Jeans giant Levi Strauss & Co. said recently that looser fits now represented half of its women’s business. At Marks & Spencer Group Plc, which accounts for one in five pairs of women’s jeans sold in the UK, sales of wide-legged styles have doubled over the past year, outpacing expectations. The company will soon unveil its widest-ever jean, the drapey palazzo.

But interest in a slimmer silhouette has risen over recent months. Thanks to Instagram and TikTok, there has been a democratization of fashion commentary. The “Internet of Trends,” as forecaster WGSN dubs it, tears through different looks at an alarming speed, making styles ever more extreme. 

We have cycled through Y2K, characterized by low-rise cargo pants and crop tops, to early noughties’ micro-miniskirts and Uggs. Some social media users have speculated that interest in skinny jeans has coincided with the popularity of the boot (it’s hard to tuck bellbottoms into the fur-lined footwear).
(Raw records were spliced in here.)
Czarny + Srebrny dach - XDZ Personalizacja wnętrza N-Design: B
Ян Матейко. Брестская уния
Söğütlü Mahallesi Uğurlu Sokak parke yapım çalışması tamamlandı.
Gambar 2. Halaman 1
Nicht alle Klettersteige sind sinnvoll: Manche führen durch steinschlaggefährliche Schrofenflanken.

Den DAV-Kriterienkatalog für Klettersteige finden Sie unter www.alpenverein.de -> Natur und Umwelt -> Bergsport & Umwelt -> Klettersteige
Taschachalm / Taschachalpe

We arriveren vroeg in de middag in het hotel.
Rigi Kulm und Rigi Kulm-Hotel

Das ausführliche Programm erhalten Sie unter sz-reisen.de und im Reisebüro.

The film Saltburn thrust mid-noughties fashion— i.e., peak skinny jean—into the limelight, while some TikTok creators have been yearning for the 2010s, with the resurgence of ballet flats and skull prints.
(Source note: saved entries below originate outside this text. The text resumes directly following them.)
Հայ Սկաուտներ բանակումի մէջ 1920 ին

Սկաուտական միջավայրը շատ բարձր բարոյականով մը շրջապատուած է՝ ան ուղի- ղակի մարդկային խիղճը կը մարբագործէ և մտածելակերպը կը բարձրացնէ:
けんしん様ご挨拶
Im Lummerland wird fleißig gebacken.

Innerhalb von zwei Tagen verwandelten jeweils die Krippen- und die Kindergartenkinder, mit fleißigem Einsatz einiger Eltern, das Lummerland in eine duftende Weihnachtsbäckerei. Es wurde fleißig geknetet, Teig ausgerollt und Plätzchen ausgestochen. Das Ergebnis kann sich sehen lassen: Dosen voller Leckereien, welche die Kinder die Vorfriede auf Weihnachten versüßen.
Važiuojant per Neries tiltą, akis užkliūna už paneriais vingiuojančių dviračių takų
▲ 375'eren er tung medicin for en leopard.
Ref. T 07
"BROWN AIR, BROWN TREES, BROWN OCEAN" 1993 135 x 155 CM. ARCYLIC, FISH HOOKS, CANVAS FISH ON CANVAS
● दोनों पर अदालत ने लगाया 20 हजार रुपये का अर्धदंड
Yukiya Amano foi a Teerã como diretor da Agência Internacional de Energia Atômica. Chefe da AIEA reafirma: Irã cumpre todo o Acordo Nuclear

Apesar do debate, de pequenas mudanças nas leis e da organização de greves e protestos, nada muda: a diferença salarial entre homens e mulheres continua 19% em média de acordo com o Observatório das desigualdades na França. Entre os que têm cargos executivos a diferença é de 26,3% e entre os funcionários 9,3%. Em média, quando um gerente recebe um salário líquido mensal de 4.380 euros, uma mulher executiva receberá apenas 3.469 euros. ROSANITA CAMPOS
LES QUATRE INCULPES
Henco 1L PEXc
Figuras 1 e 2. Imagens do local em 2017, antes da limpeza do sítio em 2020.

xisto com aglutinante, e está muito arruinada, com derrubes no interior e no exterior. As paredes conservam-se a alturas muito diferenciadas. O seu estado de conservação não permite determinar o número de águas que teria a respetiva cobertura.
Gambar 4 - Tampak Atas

Prada SpA’s MiuMiu, the world’s second-hottest brand at the moment, according to fashion platform Lyst, recently sent skinny jeans down the runway in Paris, while street-style influencers have begun to dabble with more figure-hugging forms.
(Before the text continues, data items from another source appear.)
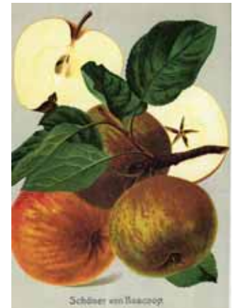
Im 19. und Anfang des 20. Jahrhunderts entstanden zahlreiche Obstsortenwerke, die in Bebilderung und kunstvoller Darstellung auch heute noch unübertroffen sind.

Nach dem 2. Weltkrieg ging die betriebswirtschaftliche Bedeutung der Streuobstwiesen zurück. Landwirtschaft und Obstbau wurden eigenständige Betriebszweige und der Obstbau konzentrierte sich in intensiv gepflegten Niederstamm-Plantagen.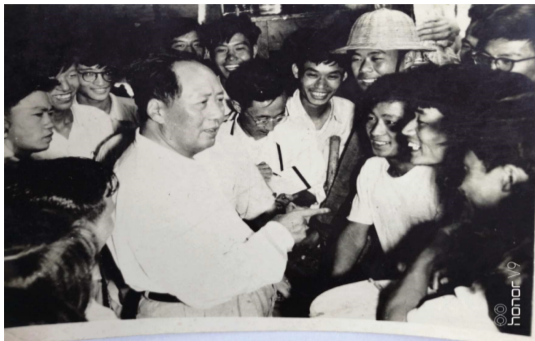
图1 1958年毛主席视察南开大学时与我们交谈时留影（右前数第3人是我）

我们这群年轻人，就这样在校园里磨砺了一个学年后，迎来了令我们铭记一生的时刻。1958年8月13日，我正在校内化工车间和同学们一起实习，毛主席来视察南开大学。主席走到我们身边，和我们交谈。交谈中，主席听出我的湖南口音，便问我，你是湖南来的吗？我说，我是湖南的。主席说，那我们是老乡了。就像做梦一样，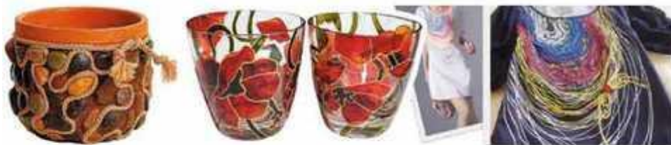
Мал. 276. Хаотичний спосіб розміщення декору

Хаотичний спосіб декору полягає в методі випадкового розміщення елементів оздоблення на виробі (мал. 276).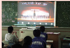
他学年の発表は教室で鑑賞する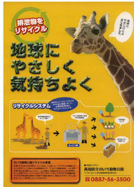
リサイクルポスター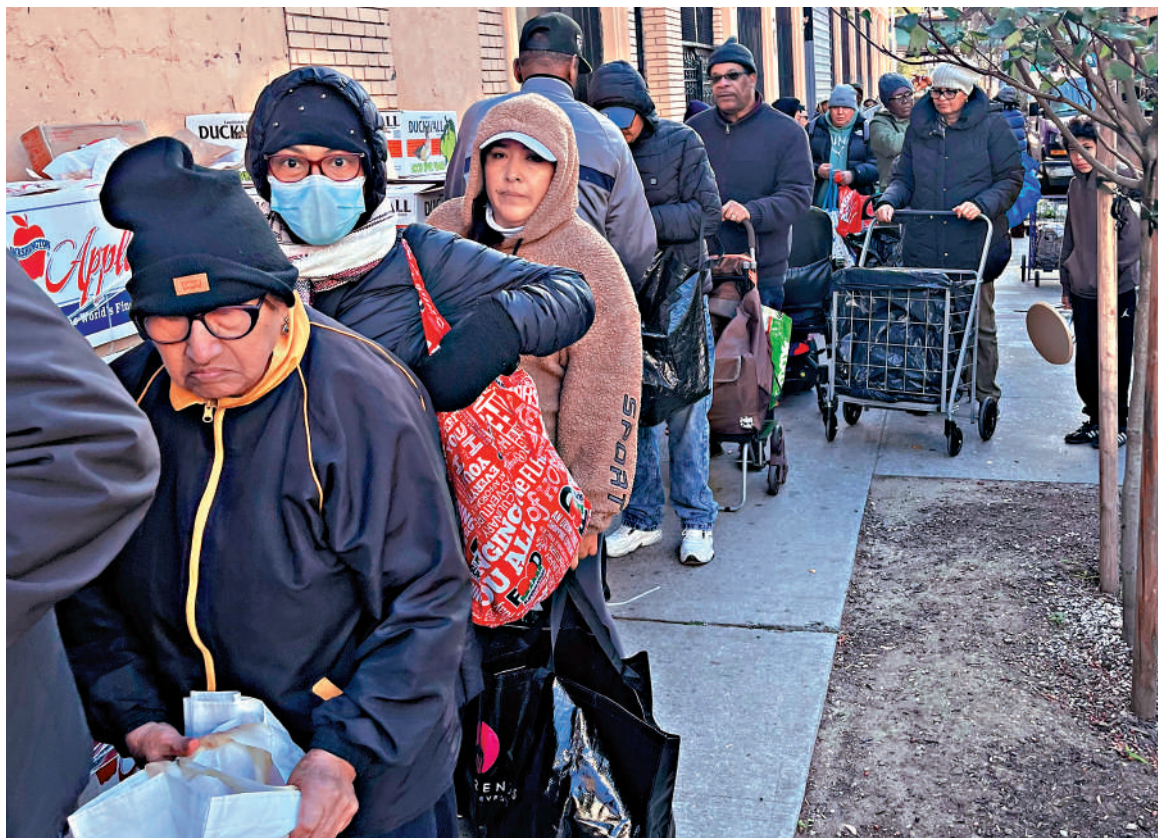
▲美國政府停擺嚴重影響民生。圖為紐約市民1日排隊領救濟食品。

And let’s not forget, for some people (ahem, millennials), the slimmer fit never went out of style. Skinnies still account for around one-third of M&S’s women’s jeans business. That is much less than a few years ago, but it’s still significant, dominated by the best-selling Ivy skinny, priced from £25 ($32) to £32.50.

Among customers not wedded to any particular fit, skinny has yet to make a comeback. The style accounts for a lower proportion of jeans currently selling out on retailers’ websites in the US and UK, and they are more heavily discounted, according to EDITED.

If a small-versus-slouch standoff emerges, it will have significant consequences for store chains and manufacturers.

The good news is that trends, especially lots of wearable ones, stimulate sales. A wide array of denim shapes, shades and washes means there is likely to be something for everyone. Diversity of styles also encourages women and men to buy more than one pair—perhaps why once humble workwear is on such a tear. And the popularity is not confined to jeans. It’s spilling over into jackets (think double denim) and skirts. Add in the fact that each type of jean needs to be dressed with a different top and shoe, and this should be great for retail revenues.

But companies will have to monitor silhouettes carefully. They must keep a close eye on the catwalks, but also on street-style influencers and social-media creators, to figure out just what width of leg their customers demand. And they need to maintain flexibility in their supply chains, so that they can adapt production at the first sign of a shift.

Any miscalculation in the baggy-to-bum-hugging ratio risks leaving them with unwanted stock, which will have to be marked down and will eat into profits. Ultimately, how we choose to dress our legs matters to the bottom line.

Andrea Felsted is a Bloomberg Opinion columnist covering consumer goods and the retail industry. Previously, she was a reporter for the Financial Times.